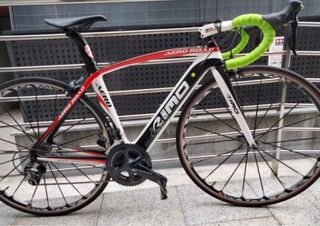 Bicicleta de carretera RIMO Aero Road con cuadro de carbono. - Cuadro monocasco de carbono. - Frenos Shimano Ultegra. - Cambios Ultegra ( Shimano) - Ruedas aluminio Kysiriun SL - Cubiertas de 25" - Manillar y potencia RIMO. - Cinta de manillar verde. - Sillín anti prostático - Manetas de freno Durace (Shimano) - Bielas y eje pedalier Ultegra. - Para altura de 1,65 hasta 1,73 - Cables interiores nuevos, sin estrenar - Pesa 8 kilos
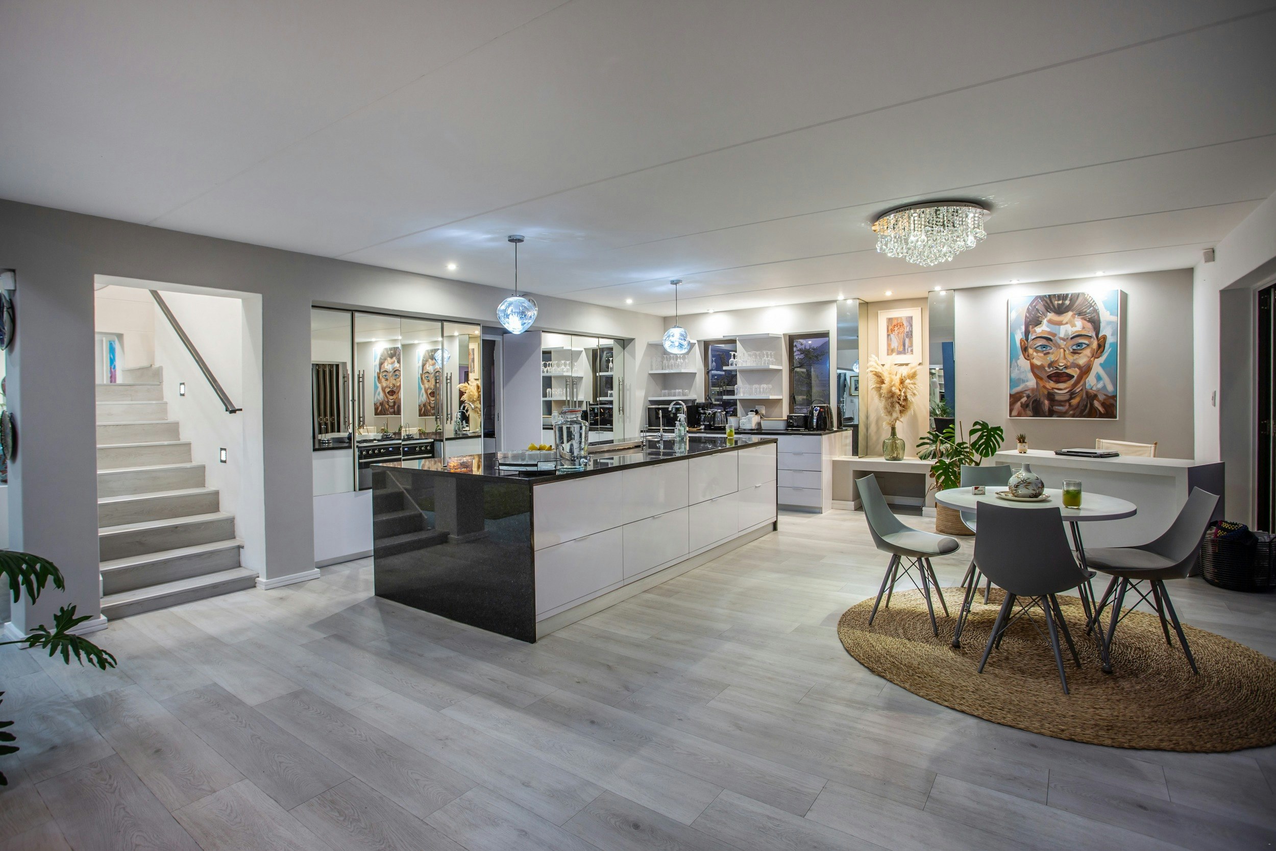 Alle vermaaklikheidsareas, insluitend die kombuis, eetkamer, binnehof en plonspoel, is gerieflik op die grondvloer geleë.
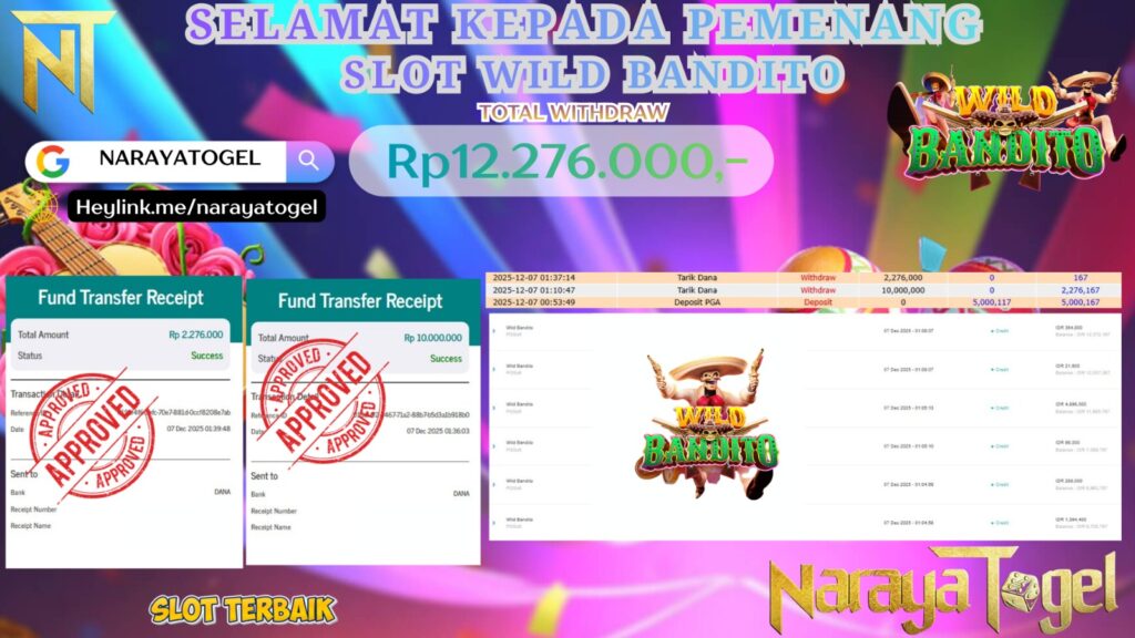 Selamat kepada User id SUR**** Telah berhasil mendapatkan kemenangan besar pada permainan WILD BANDITO Dengan kemenangan Sebesar Rp 12.276.000 Setelah mengisi formulir withdraw dengan kurang waktu hanya 1 – 10 menit pihak NARAYATOGEL sudah melakukan transfer kepada pemiliknya dan dana sudah masuk ke rekening id tersebut oleh pemenang. Bukti pembayaran yang kami berikan merupakan bukti pembayaran yang SAH / VALID yang langsung di dapatkan melalui tanda transfer transaksi berhasil dari Bank yang di tuju.
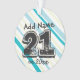 Customizable Unique 21st Bday designed Keepsake Ornament with colorful blue and green stripes and cool, grunge twenty-first text. Personalize striped themed Birthdays with a custom flair for a Big 21st Year Celebration for the 21 year old.
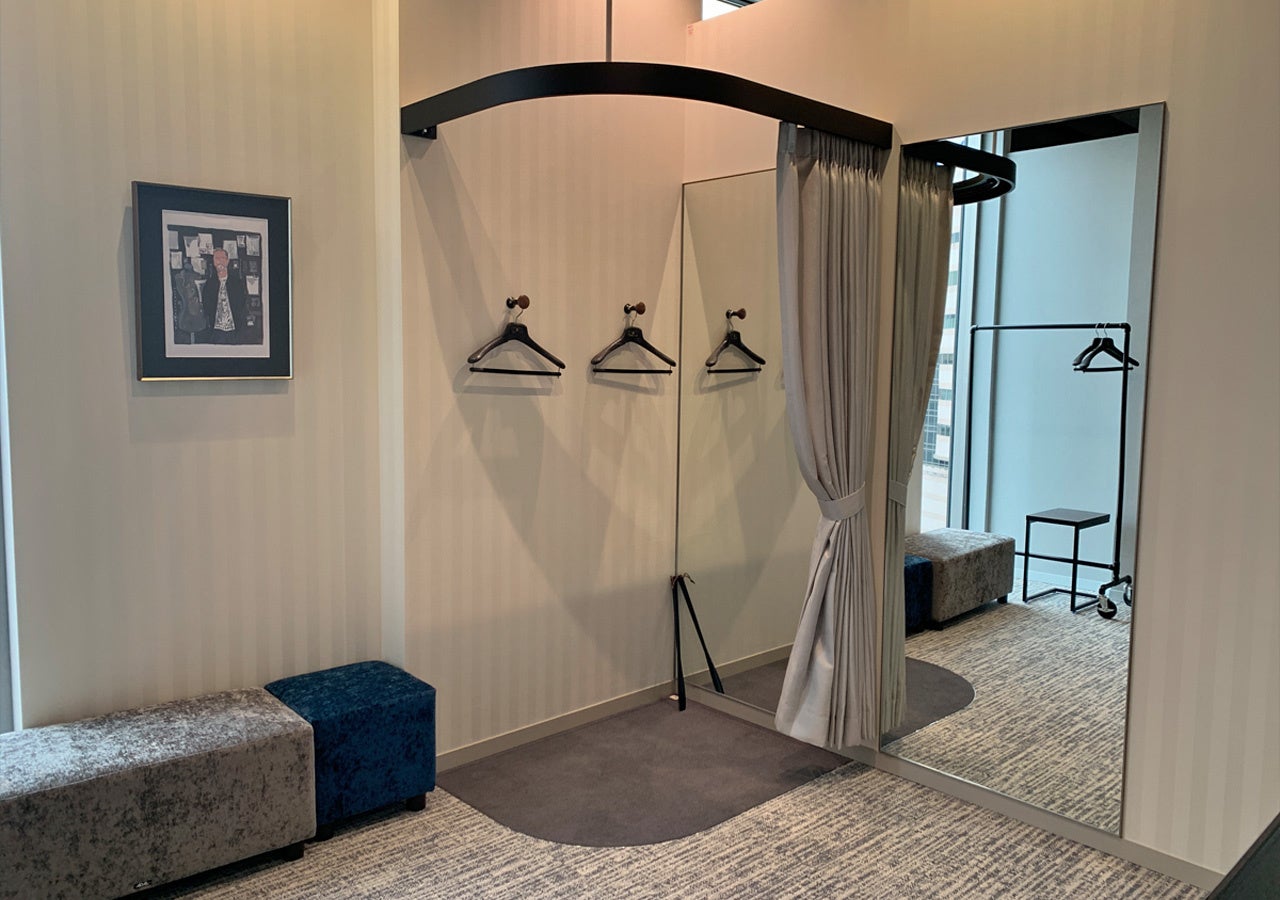 個室空間で快適にオーダーできるプライベートフィッティングルーム(無料/要予約)をご用意しております。

• What to produce:
Pictures don't belong in the copy. Retype exactly the lines from the one with "Selamat kepada User" through the last line of the records.

• Response for this exercise:
 Selamat kepada User id SUR**** Telah berhasil mendapatkan kemenangan besar pada permainan WILD BANDITO Dengan kemenangan Sebesar Rp 12.276.000 Setelah mengisi formulir withdraw dengan kurang waktu hanya 1 – 10 menit pihak NARAYATOGEL sudah melakukan transfer kepada pemiliknya dan dana sudah masuk ke rekening id tersebut oleh pemenang. Bukti pembayaran yang kami berikan merupakan bukti pembayaran yang SAH / VALID yang langsung di dapatkan melalui tanda transfer transaksi berhasil dari Bank yang di tuju.
 Customizable Unique 21st Bday designed Keepsake Ornament with colorful blue and green stripes and cool, grunge twenty-first text. Personalize striped themed Birthdays with a custom flair for a Big 21st Year Celebration for the 21 year old.
 個室空間で快適にオーダーできるプライベートフィッティングルーム(無料/要予約)をご用意しております。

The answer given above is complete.